An exhibition ‘Imagining Delhi’ in 2006 addressed what the Commission should be continuously drawing attention to – the future form of Delhi. I cannot recall whether Patwant Singh was well enough then to view the exhibition, but I suspect he would not have been surprised by the answers to a question put to visitors. They were asked to choose between a view of Shanghai, and one of low-key brick buildings shaded by trees, for the Delhi of the future. Most of them enthusiastically pointed to Shanghai.
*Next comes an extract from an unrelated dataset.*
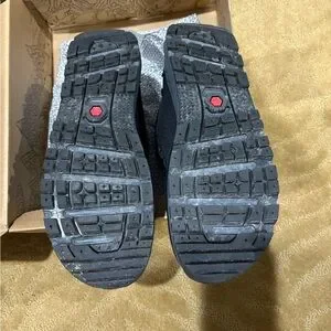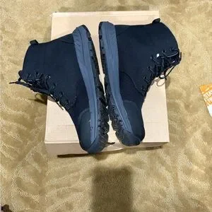Sleek black boots with rugged sole. Ideal for versatile wear. Durable and stylish, waterproof. Worn once.

I would suggest that each of us makes a list of the features they have seen in cities that make for comfort, happiness, security and visual beauty. And a separate list of things that make for discomfort, loneliness or alienation, and depressing ugliness. Identify areas where people gather – Central Vista (Rajpath) and the Indira Gandhi National Centre for the Arts, Chandni Chowk-Jama Masjid, the bank of the Yamuna, Buddha Jayanti Park, Rajiv Chowk Central Park, the Delhi University Ridge, Mandi House Chowk, popular markets. Like everything, these have changed in appearance over the years, and the pendulum of popularity has swung from one end to the other.
Need for an art commission for every Indian city
I am the frog-in-the-well who knows only Delhi. But I am convinced that there is room for a vibrant, committed art commission for Delhi, and for all Indian cities. The members should not be only tired officials and architects; individuals eager to contribute to the improvement of their towns should also be selected. Time was when visitors could not find words to describe the beauty of Indian cities. Today, as long as all decisions affecting the form of the city are made by officials, and the people remain alienated from the process, we will have less and less features of beauty to rejoice over.
Can’t the views generated by Google Earth or just the use of one’s eyes help us see sections of cities in terms of density, road alignment and green cover, and design pockets of beauty? Can’t good ideas generated in, say, Indore or Kozhikode, be picked up by other towns and applied or modified? Above all, could officials and architects learn to speak in a language that the person-on-the-street can understand? And could the DUAC build up its self-image by not hiding its work in dreary minutes and annual reports distributed to members of parliament?
Most of all, could the DUAC keep in mind that it needs to be attuned to a city of millions of people who have the right to understand what is being done to its built form, and why? Their lives depend on it.
Narayani Gupta is a historian. She was a member of the Delhi Urban Art Commission from 1993-1996, and from 2005-2008.